わざわざ会いに来てくれたのは素直に嬉しかったので、ゆめこは「来てくれてありがとう」とお礼を言った。
「ゆめこちゃん、次いつ休憩なん?」
「あー、それがさ。今日調理場担当の子が一人ダウンしちゃって、しばらく休憩取れそうにないんだよね〜。せっかく来てくれたし案内したかったんだけど」
とゆめこが言うと、白石は少し残念そうに「そうなんや」と言った。ゆめこが「ごめんね」と謝っていると、そんな二人の会話に聞き耳を立てていたのか、
「ゆめこちゃん!私代わるよ」
「そうそう、ちゃんと案内してあげなきゃだめだよ!」
とクラスメイトの女子生徒たちがわっとゆめこに詰め寄った。
その迫力にゆめこは思わず体をのけ反らせたが、「こんなイケメンを放置とか、ダメ!絶対!」「ほらほら、早くはっぴ脱いで」などと急かされ、ゆめこは顔をひきつらせながら「う、うん」と首を縦に振った。
「わ、私いつ戻ってくればいい?」
「戻ってこなくて良し!」
「ごゆっくり〜」
はっぴを脱ぎながら尋ねると、みんなにそう言われてゆめこは「ええええ〜」と声を漏らした。休憩をもらえるのはありがたいが、あんたなんていなくてもたこ焼き屋は十分回せるのよ。と、そう言われたような感じがして、実に複雑な気分になったのだ。みんなあんなに私のたこ焼きくるくるを褒めてくれていたのに。とゆめこは彼女たちの手のひら返しに軽くショックを受けた。
「もう。みんなイケメンに弱いんだから」
「なんかすまんなぁ、無理させてしもたみたいで」
「ううん!全然!白石くんはなにも悪くないからね」
申し訳なさそうな顔をする白石にゆめこは慌ててぶんぶんと首を振ると、「行こっか」と言って彼の背中を押した。パンフレットを広げ「どこがいいかなぁ〜」などと二人で話しながら歩いていると、周りの女の子たちが「ねぇ、なんかあの人かっこよくない?」などとひそひそ話しているのが聞こえてきて、ゆめこはぴたりと立ち止まると、きょろきょろと辺りの様子を窺った。
「白石くん、モテモテ」
「そんなことあらへんよ」
「いやだって女の子みんな白石くんのこと見てるよ?」
「みんなは言い過ぎやろ」
「いいや。白石くん狙われてるよ。私がボディガードしてあげるからね」
真顔でそんなことを言うゆめこに、白石は内心なんやそれ。と思ったが、ミッ○ョンイン○ッシブルのテーマを口ずさみながらノリノリで辺りを警戒するフリをするゆめこを見て、まぁ本人が楽しそうやしええか。と思い直した。

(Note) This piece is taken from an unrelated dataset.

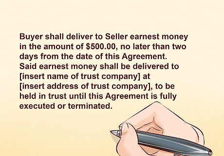 Give details about any earnest money to be paid by the buyer. Earnest money is a percentage of the purchase price that the buyer pays in advance in order to show good faith in proceeding with the sale of the property. Typically, earnest money is between three and five percent of the purchase price. It is usually held in escrow or trust by a title company or financial institution until the sale is complete. The contract terms should include the following: The amount of earnest money to be paid The date on which it should be paid What entity should hold the money A sample earnest money provision might read, "Buyer shall deliver to Seller earnest money in the amount of $500.00, no later than two days from the date of this Agreement. Said earnest money shall be delivered to [insert name of trust company] at [insert address of trust company], to be held in trust until this Agreement is fully executed or terminated."

しかしゆめこはすぐに飽きてしまったのか、「お腹空いたね。おススメの喫茶店があるからそこ行く?」と言うと、白石の手を引いてゆめみのクラスがやっている喫茶店へと足を進めるのだった。
ちょうどその頃。テニス部の模擬店であるバーの当番を終えた丸井、ジャッカル、仁王は三人で廊下を歩いていた。

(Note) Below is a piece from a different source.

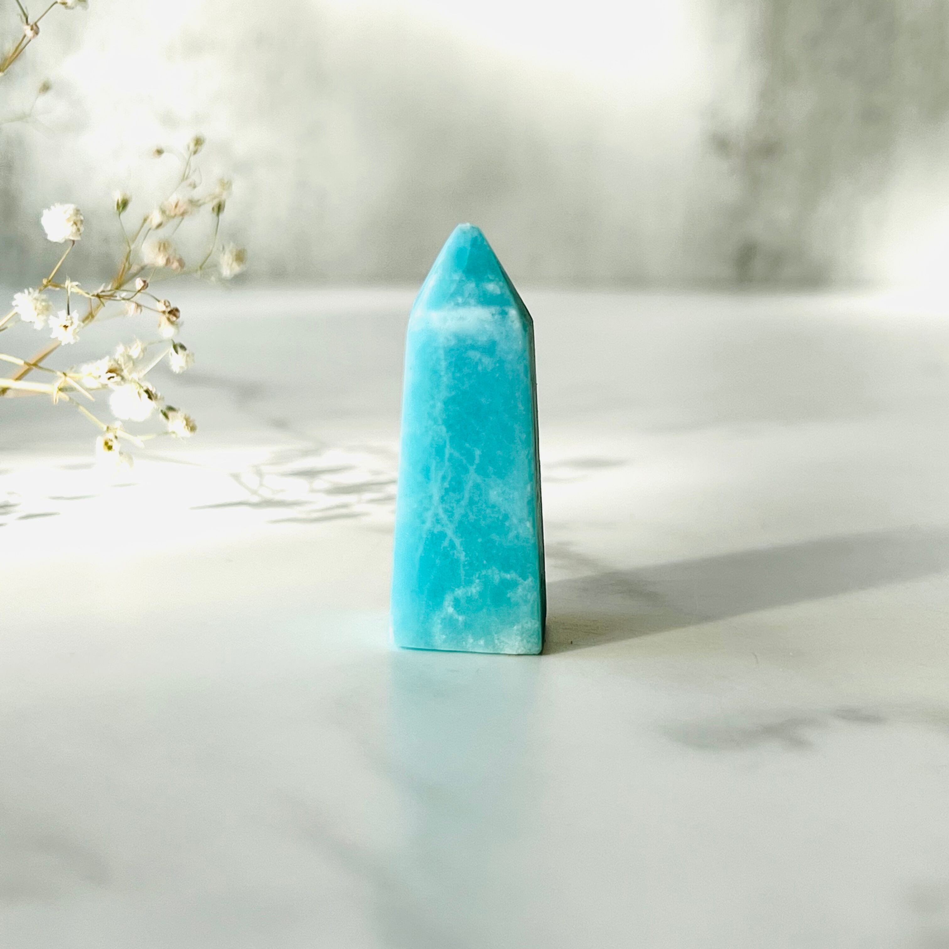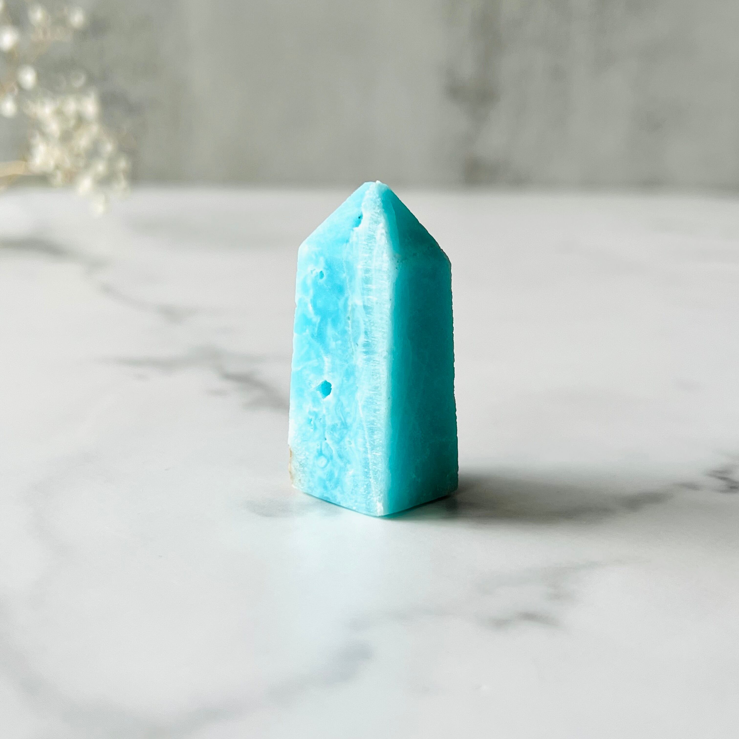カリビアンブルーカルサイトは2019年にパキスタンで発見された新しい鉱石で、爽やかなオーシャンブルーと茶色の層がカリブの美しい海と砂浜を思わせます。

「腹減ったー。なぁ、このままなんか食いに行かねぇ?」
「いいけど、どこ行くんだ?」
「ジャッカルのクラス行こうぜい!サービスしてくれよ」
「確かB組はたこ焼き屋だったかのう」
と仁王が言うと、丸井は「たこ焼き食いてぇ!」と目を輝かせた。それにB組はゆめこのクラスでもある。あわよくば会えるかもしれないと思った丸井は、早く早くと二人の背中を押す。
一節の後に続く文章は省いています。